Building A House: The Walls
In America, we take for granted that we have solid walls in our homes that protect us from the sun, wind, rain, snow, and other elements along with intruders. We all have windows and doors in our homes that lock and keep us safe.
In Xenacoj, Guatemala, many of the homes are built with walls that are made of cornstalks woven together. There are no windows or closing/locking doors on homes with this wall type. If you are more wealthy, your home might be built with cinder blocks.
The home we built was built with wood framed walls and was covered with wood tongue and groove siding. This was definitely a rare form of construction for this neighborhood, but it will make all the difference for the family who received this house. Along with wooden walls to protect them from the elements, the house had three windows and a front door that closed and locked.
I had the pleasure of working with a couple of teams that installed the wooden siding on the houses. This was a fun project as we could rapidly see the house coming together through the efforts of our labor.
All the kids did a tremendous job throughout the entire project, so the story I’m about to share isn’t meant to slam their efforts or craftmanship. I simply share the story to help me remember a valuable truth that we learned while working on one side of the house.
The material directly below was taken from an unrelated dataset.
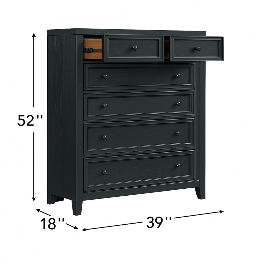 - Classic and functional design with framed drawer fronts and sleek metal knobs

The back wall of the house was twenty feet long which meant we needed to install a minimum of two pieces of siding for each row of siding that made its way up the side of the house. Before we started, a chalk line was used to mark the top of the first row of siding. I’m not sure if the chalk line wasn’t quite correct or if we just had trouble the first row. At any rate, a small unevenness in the first two pieces of siding made it a real challenge to complete the rest of the side of the house. As the team continued to install pieces of siding, it was obvious with each row that something wasn’t quite right. By the time we finished the side, we were able to make the necessary corrections to finish the side, but we learned some great lessons along the way.
First, we learned to measure twice and cut once. I don’t think we wasted many pieces, but there were a few times where we needed to make slight adjustments to cuts because a measurement wasn’t quite right.
Second, we learned that teamwork can have an amazing impact. Working together, I saw teams perform a task that they had never dreamed of completing before. As I stated before, these walls went up pretty quickly – especially when everything went right.
Third, it’s important to get started on the right foot. This is my best advice to anyone who is starting something new – like college, a new hobby, a home improvement project, a new job, and even a new year of school. Getting started well makes things a lot easier down the road. But we also shouldn’t lose hope if we got off on the wrong foot. It may take a lot more work and even some rework, but things can be fixed. It just isn’t the most efficient or effective way to get things done.
I’m so thankful for the lessons learned while building walls for the house!
What do you have coming up in your life that could benefit from a good start? What kind of walls do you have on your house?